The problem is stated as:
Suppose $f: D[0,1] \mapsto D[0,1]$ is holomorphic. Then, prove for $|z| \leq 1$ the following: $$|f'(z)| \leq \frac{1}{1-|z|}$$
My attempt:
So, we can make use of Cauchy's integral formula, that states:
$$ f^{(n)}(a) = \frac{n!}{2\pi i} \int_{C(a,r)} \frac{f(z)}{(z-a)^{n+1}} dz$$
So, in our case $n =1$, and $a = z$, we have:
$$ f'(z) = \frac{1}{2\pi i} \int_{C(z,r)} \frac{f(w)}{(w-z)^{2}} dw$$
We can bound this using the triangle inequality for integrals:
$$ | f'(z) | \leq \frac{1}{2\pi} \max_{w\in C(z,r)} \frac{|f(w)|}{|w-z|^2} 2\pi r$$
$$ = r \max_{w\in C(z,r)} \frac{|f(w)|}{|w-z| |w-z|} = \max_{w\in C(z,r)} \frac{|f(w)|}{|w-z|}$$
Since $f$ maps to the unit disk, it becomes evident that $|f| \leq 1$, so:
$$ \leq \max_{w\in C(z,r)}\frac{1}{|w-z|}$$
Now using the triangle inequality again, we get:
$$ \leq \max_{w\in C(z,r)} \frac{1}{||w|-|z||}$$
But $|w|$ is clearly larger than $|z|$ for $w\in C(z,r)$ so:
$$ = \max_{w\in C(z,r)} \frac{1}{|w|-|z|}$$
Now $|w| \leq 1$ since $C(z,r) \subset \bar{D}[0,1]$, I'd like to substitute that in, but this would make the inequality sign in the wrong direction, so I can't really see how I can go on from here.

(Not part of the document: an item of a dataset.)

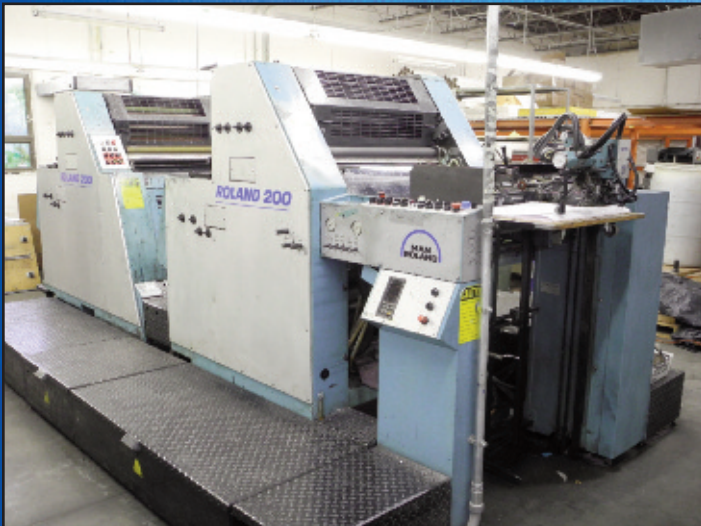
Man Roland SR204 LP Series 251 Printing Press

FIRST LOT CLOSES: THURSDAY, SEPTEMBER 12, 1:00 PM (ET) INSPECTION DATES: TUES & WEDS, SEPTEMBER 10 & 11, 9 AM TO 4 PM

Does anyone have any ideas?
Thanks.
A stronger inequality holds. Let $g(z)=f(rz),$ where $0<r<1.$ Then $g(z)$ is holomorphic for $|z|<{1\over r}.$ Hence $$rf'(rz)=g'(z)={1\over 2\pi i }\int\limits_{|w|=1}{g(w)\over (w-z)^2}\,dw$$ Hence $$r|f'(rz)|\le {1\over 2\pi}\int\limits_{|w|=1}{1\over |w-z|^2}\, ds={1\over 1-|z|^2}\quad (*)$$ Thus $$|f'(rz)|\le {1\over r(1-|z|^2)}$$ Taking the limit $r\to 1^-$ gives $$|f'(z)|\le {1\over 1-|z|^2}$$
The equality in $(*)$ can be proved as follows. Let $z=|z|e^{i\theta_0}$ and $w=e^{i\theta}.$ Then $$\displaylines{{1\over 2\pi}\int\limits_{|w|=1}{1\over |w-z|^2}\, ds={1\over 2\pi}\int\limits_0^{2\pi}{1\over 1+|z|^2-2|z|\cos(\theta-\theta_0)}\, d\theta\\ = {1\over 2\pi}\int\limits_0^{2\pi}{1\over 1+|z|^2-2|z|\cos\theta}\, d\theta ={1\over 1-|z|^2}}$$ The last equality is associated with properties of the Poisson kernel for the disc.